The sales are all within her community. While she’s working toward creating her branding and online presence, Byrne prefers working locally. That hasn’t been without challenges, but she says the real challenge for her is overcoming distorted facts, preconceived notions, and apathy among her client prospects.

Market challenges

Her No. 1 challenge is educating potential and existing customers on the facts about the market. In the final expense market, Byrne says there’s plenty of misleading information or lack of full disclosure regarding the products being advertised on television. “There’s not disclosure on what the policy is, what the waiting period is and why there’s no medical exam. It bothers me when someone pulls out a policy they own and it has a 24-month waiting period and there’s no real medical reason for it.
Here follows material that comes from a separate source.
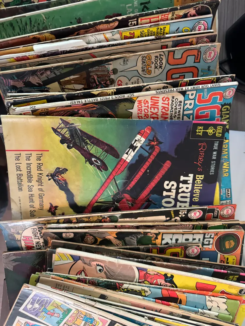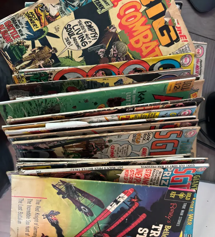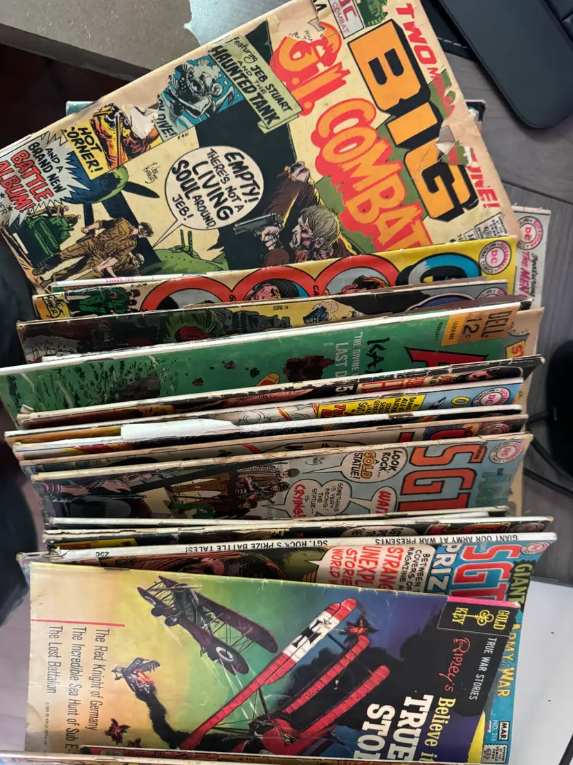 I have picked this variety up at several different estate sales, with all intentions of learning to list them but I just haven't. I don't have a desire anymore. I made a video so you could see the different ones. Lots of old war comics. Hopefully someone can make use of these.

Nine times out of ten, it’s more expensive.”

She sees the same disconnect at the other end of the age spectrum. Too often millennials are too trusting of what they hear, she adds. “When you get out of college and you get into a job and hear those famous three numbers — 401(k). You automatically think you’ve made it.”
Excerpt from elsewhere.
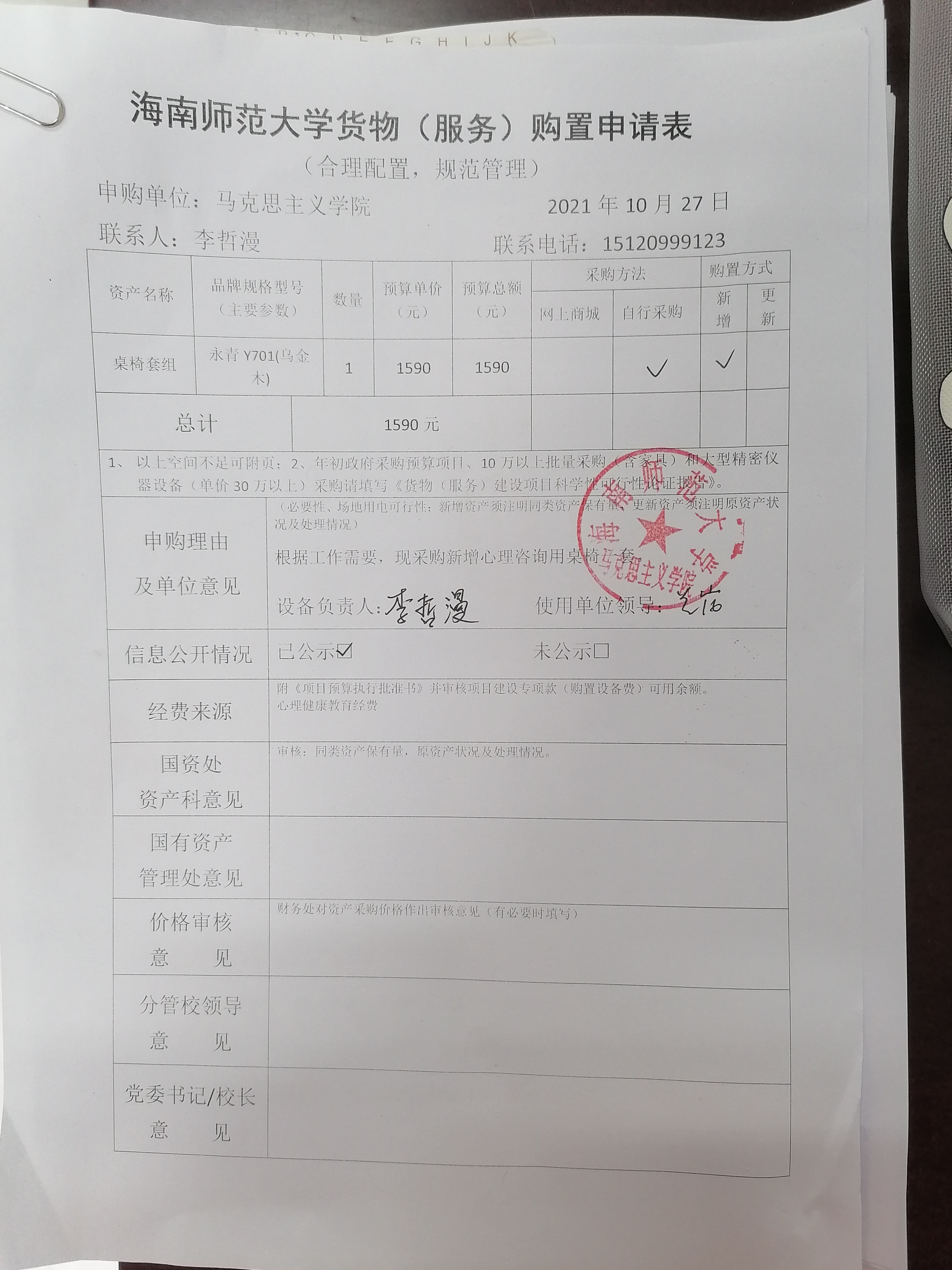 【信息公开】固定资产采购(桌椅套组)

Her goal is to help younger investors understand the necessity of diversification. The younger generation, she says, needs a diversified investment plan in order to retire. They also need life insurance, which is a tough sell at most age brackets, particularly the younger prospects. The industry in general, she says, continues to face the attitude of “I don’t plan on dying anytime soon.”

“It’s the one line I cannot stand,” she says. “That is probably one of the most challenging things you come across, especially if you get a couple who believe they’re simply checking the box on a list.”

Also, convincing them that life insurance offered through employment isn’t enough can be tough. “It’s educating them about what is life insurance through work, is it enough? I see the devastation that happens when people don’t take the precautions on getting the proper life insurance, with or without children.”

Yet convincing the buying public to purchase life insurance is just one hurdle in the market. Byrne says the sweeping generalizations about life insurance are just as harmful to the customer as the apathy toward coverage. She’s had to help new customers get over the falsehoods of coverage — that term insurance is bad or whole life insurance costs too much.

Building on success

Her hands-on, educational approach has helped her rise quickly in the industry. “When you put the right energy out there and do the right things for the right reasons, the right things happen. That has been the theme of my life.”

She believes her success is also in part due to having the right mentors in the business. Byrne has two mentors — one who helps her with higher-end clients and one who gives her business guidance. Plus, she says she’s learned not to lean on excuses, a trait that was borne of being a military spouse. “When you have a husband in the military who’s deployed and whose life is at risk all the time, you don’t have a lot of excuses. That’s one of the things that has to go if you’re an independent life agent. There are no excuses. You have to work it like a job because that’s what it is.”

Still, she says her greatest success has been her family. “We moved recently to a house I know we wouldn’t have been able to afford without my income. It’s in one of the best school districts that we could be in. I have been able to provide things for my family that we wouldn’t have had otherwise. That money has become a tool to provide a better life for my children.”

Despite not having sought out the insurance industry, Byrne says her desire to be in control of her income makes it a perfect fit. Having come from corporate life, Byrne wanted something more flexible and with more earning potential. Now, she couldn’t be happier. “I can’t see myself doing any other career.”